Task item: Take nothing but the lines from the one with "Үндэсний Статистикийн Хороо" through the one with "India suffered a" in the entries below, both ends kept, and return them exactly with pictures left out.

Data supplied:

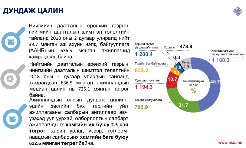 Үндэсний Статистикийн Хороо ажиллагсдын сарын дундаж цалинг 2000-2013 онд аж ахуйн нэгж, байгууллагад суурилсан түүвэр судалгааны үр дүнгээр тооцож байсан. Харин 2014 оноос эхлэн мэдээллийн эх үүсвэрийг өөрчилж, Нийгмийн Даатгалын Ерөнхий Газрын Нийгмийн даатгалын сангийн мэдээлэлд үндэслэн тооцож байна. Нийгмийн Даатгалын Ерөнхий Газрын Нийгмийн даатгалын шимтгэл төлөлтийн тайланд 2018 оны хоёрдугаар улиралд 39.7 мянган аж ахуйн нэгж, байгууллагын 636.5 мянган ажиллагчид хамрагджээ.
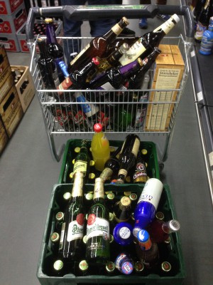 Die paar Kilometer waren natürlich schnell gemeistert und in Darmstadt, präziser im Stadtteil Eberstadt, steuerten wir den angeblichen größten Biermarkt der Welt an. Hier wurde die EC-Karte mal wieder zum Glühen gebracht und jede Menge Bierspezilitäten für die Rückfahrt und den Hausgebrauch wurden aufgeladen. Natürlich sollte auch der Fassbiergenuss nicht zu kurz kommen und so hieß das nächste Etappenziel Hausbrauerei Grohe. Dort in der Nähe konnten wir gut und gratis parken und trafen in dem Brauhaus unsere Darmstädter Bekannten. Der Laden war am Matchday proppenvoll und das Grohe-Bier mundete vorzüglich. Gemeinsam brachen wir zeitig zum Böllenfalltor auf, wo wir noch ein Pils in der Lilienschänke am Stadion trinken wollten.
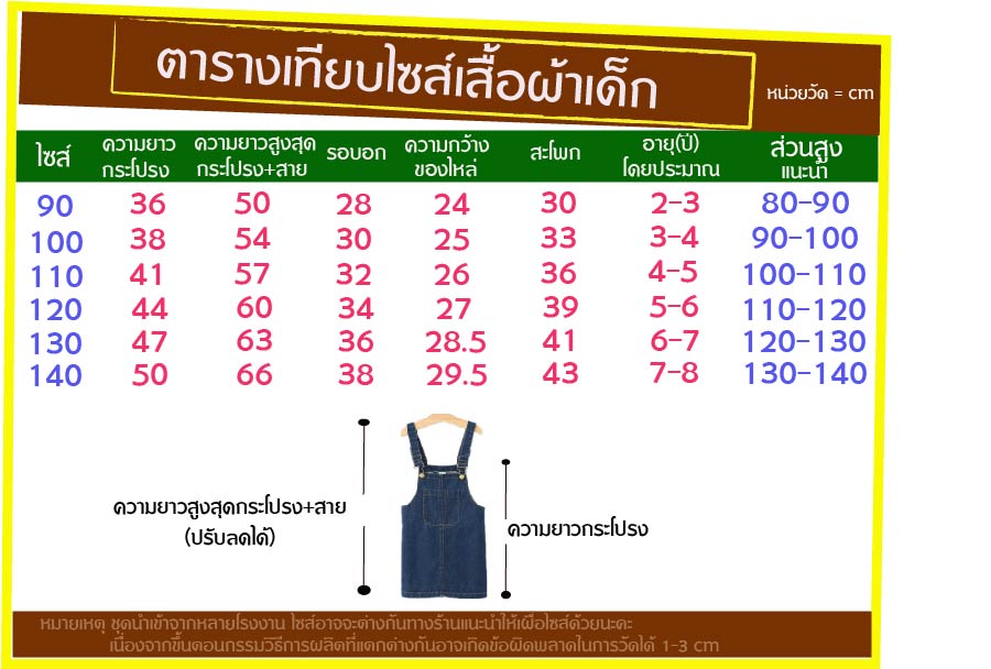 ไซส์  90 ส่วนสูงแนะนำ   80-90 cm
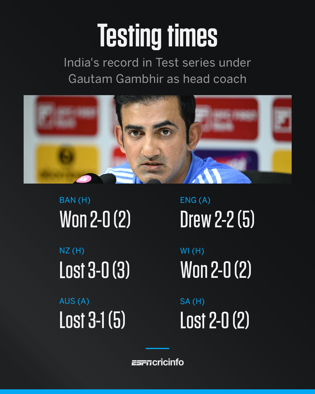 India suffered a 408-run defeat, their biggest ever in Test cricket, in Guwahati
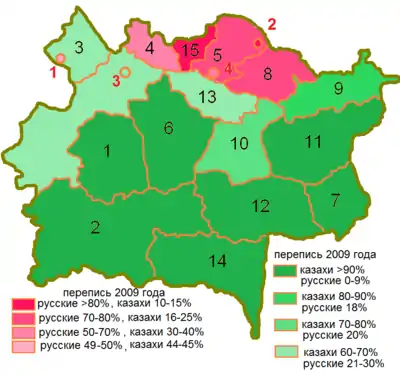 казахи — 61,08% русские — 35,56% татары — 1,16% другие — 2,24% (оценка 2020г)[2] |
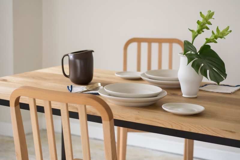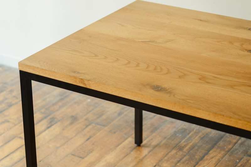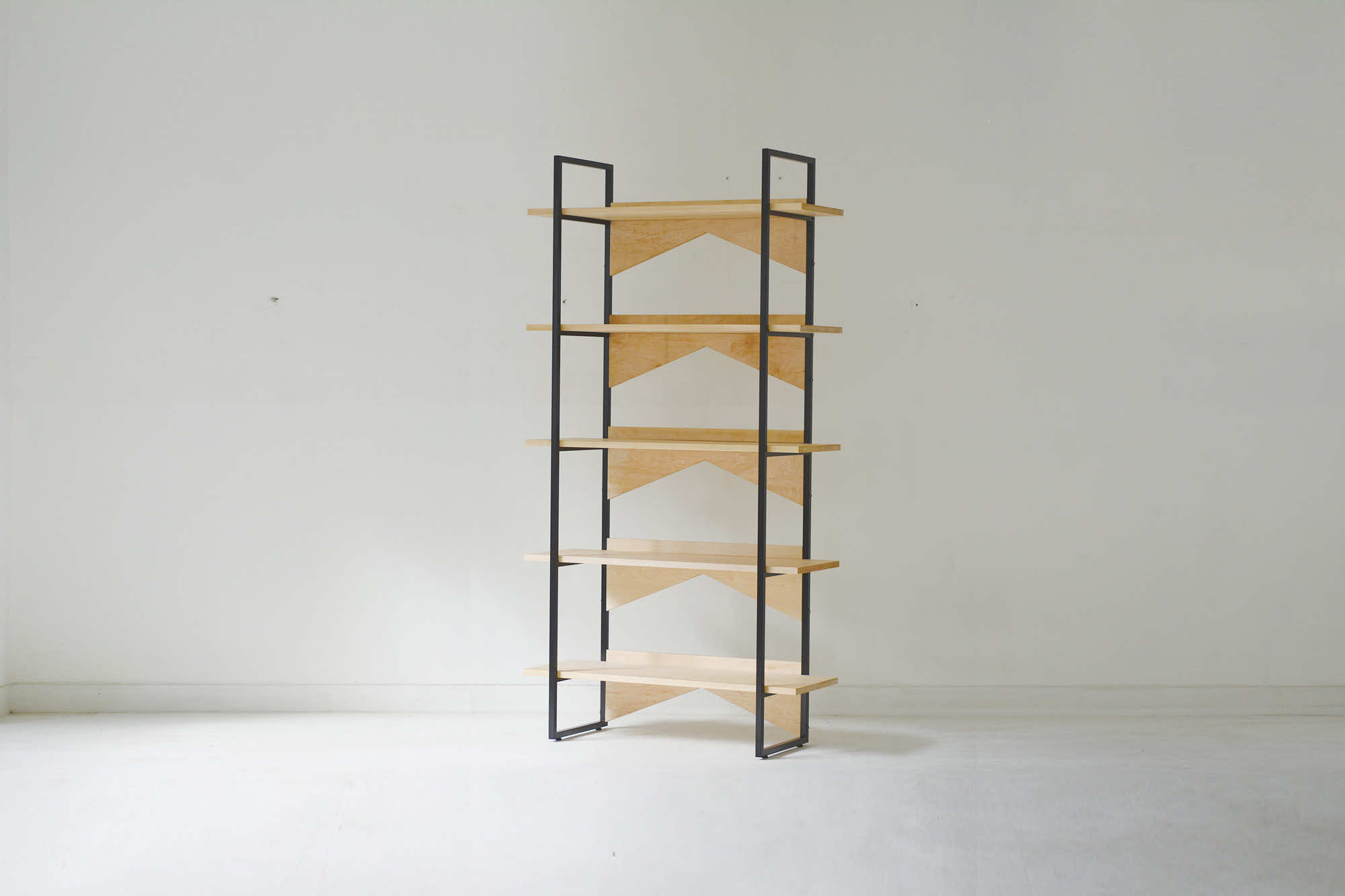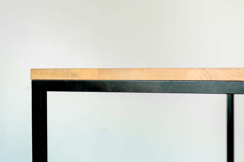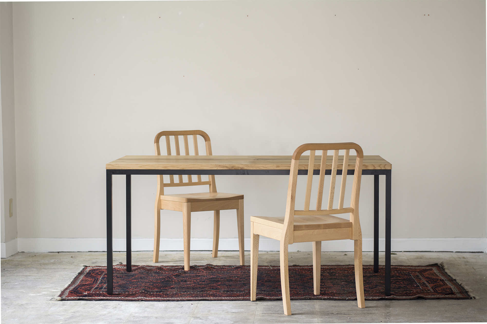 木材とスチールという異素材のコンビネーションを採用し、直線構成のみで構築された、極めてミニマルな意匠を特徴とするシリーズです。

--

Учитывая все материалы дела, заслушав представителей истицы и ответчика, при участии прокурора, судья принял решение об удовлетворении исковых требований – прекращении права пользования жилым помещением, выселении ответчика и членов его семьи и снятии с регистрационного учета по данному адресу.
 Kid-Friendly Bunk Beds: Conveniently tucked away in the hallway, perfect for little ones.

Answer space:
 Үндэсний Статистикийн Хороо ажиллагсдын сарын дундаж цалинг 2000-2013 онд аж ахуйн нэгж, байгууллагад суурилсан түүвэр судалгааны үр дүнгээр тооцож байсан. Харин 2014 оноос эхлэн мэдээллийн эх үүсвэрийг өөрчилж, Нийгмийн Даатгалын Ерөнхий Газрын Нийгмийн даатгалын сангийн мэдээлэлд үндэслэн тооцож байна. Нийгмийн Даатгалын Ерөнхий Газрын Нийгмийн даатгалын шимтгэл төлөлтийн тайланд 2018 оны хоёрдугаар улиралд 39.7 мянган аж ахуйн нэгж, байгууллагын 636.5 мянган ажиллагчид хамрагджээ.
 Die paar Kilometer waren natürlich schnell gemeistert und in Darmstadt, präziser im Stadtteil Eberstadt, steuerten wir den angeblichen größten Biermarkt der Welt an. Hier wurde die EC-Karte mal wieder zum Glühen gebracht und jede Menge Bierspezilitäten für die Rückfahrt und den Hausgebrauch wurden aufgeladen. Natürlich sollte auch der Fassbiergenuss nicht zu kurz kommen und so hieß das nächste Etappenziel Hausbrauerei Grohe. Dort in der Nähe konnten wir gut und gratis parken und trafen in dem Brauhaus unsere Darmstädter Bekannten. Der Laden war am Matchday proppenvoll und das Grohe-Bier mundete vorzüglich. Gemeinsam brachen wir zeitig zum Böllenfalltor auf, wo wir noch ein Pils in der Lilienschänke am Stadion trinken wollten.
 ไซส์  90 ส่วนสูงแนะนำ   80-90 cm
 India suffered a 408-run defeat, their biggest ever in Test cricket, in Guwahati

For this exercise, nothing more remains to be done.